An assessment of satellite-derived supraglacial lake depth measurements on the Greenland ice sheet

Supraglacial lakes (SGLs) form when meltwater collects in glacial surface depressions. On the Greenland ice sheet (GrIS), SGL position is controlled by bedrock topography, meaning SGLs form in approximately the same locations each melt season. SGLs provide surface water storage and mediate the transfer of surface water to the ice sheet bed. Drainage water from SGLs has been shown to infiltrate to the base of the ice sheet and lubricate the ice sheet-bedrock interface, causing transient increases in basal sliding at the glacier margin. SGL depth is used to calculate the volume of water contained within the basin and thus the likelihood of hydrofracture caused by increased pressure from overlying water. As overlying water pressure is a function of water depth, determining the accuracy of depth estimation techniques is of the utmost importance in obtaining reliable estimates of hydrofracture likelihood and in determining SGL drainage impacts on ice sheet velocity.

Here, we present the results of an intercomparison of SGL depth measurements focused on the Watson River region of the GrIS. Previous studies have derived SGL depth by applying the Philpot (1989) radiative transfer equation to satellite-derived optical imagery.
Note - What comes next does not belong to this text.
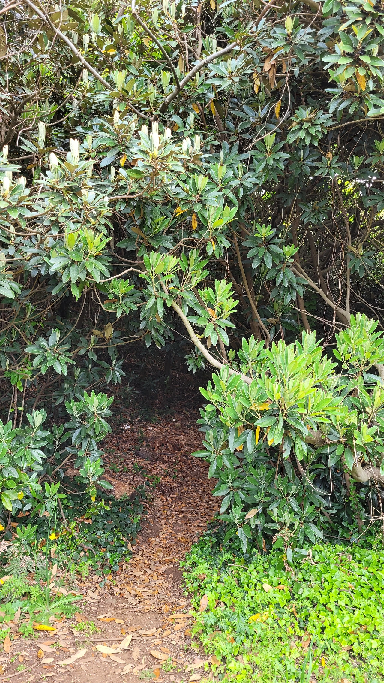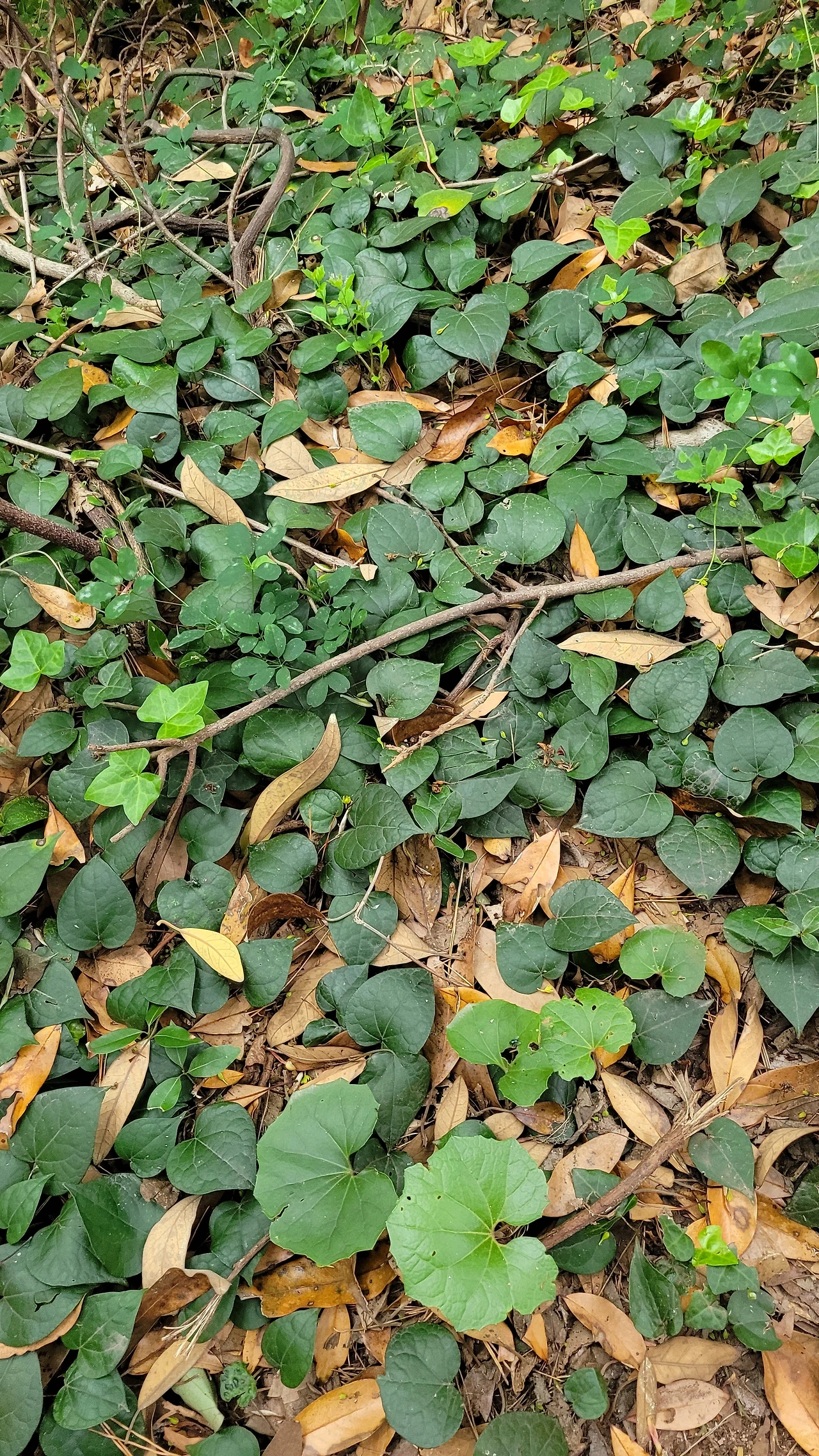 활엽수가 우거진 산책로에 후추등이 지피를 덮고 있다.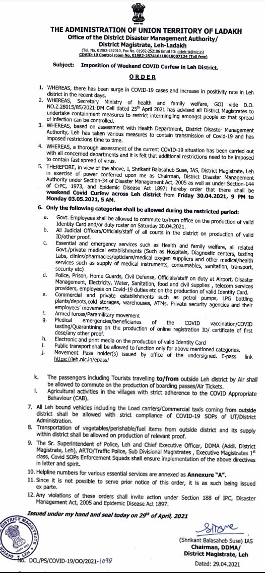 DDMA chairman and Deputy Commissioner Leh Shrikant Suse, notified the imposition of the weekend COVID-19 curfew from 9 pm on Friday to 5 am on Monday, as an additional restriction in an attempt to curb the spread of the infection.

These results proved difficult to validate until recent advancements in remote sensing which allowed us to compare the radiative transfer-derived depths to laser altimetry measurements and high-resolution digital elevation modelling. Previous research has separately investigated the use of the Philpot (1989) radiative transfer equation, laser altimetry and digital elevation models, but none have intercompared all three.

This research compares estimates of SGL depths in the Watson River region in southwest Greenland that have been derived using three satellite-based approaches; 1) by applying the radiative transfer equation proposed by Philpot (1989) to Sentinel-2 optical satellite imagery, 2) using ICESat-2 laser altimetry and 3) from ArcticDEM digital elevation models.

Using the radiative transfer equation, we find the green band overestimates SGL depth and the red band underestimates SGL depth (with caveats) compared to ICESat-2 transects and digital elevation models. In summary, we achieve the first comprehensive intercomparison of these methods and provide insight into the strengths and potential limitations of each method, including levels of agreement between datasets, and associated uncertainties. This work helps to improve confidence in radiative transfer-derived estimates of SGL depth and volume and, consequently, quantitative estimates of meltwater storage on the surface of the GrIS. This research is associated with ESA’s Polar+ 4DGreenland study.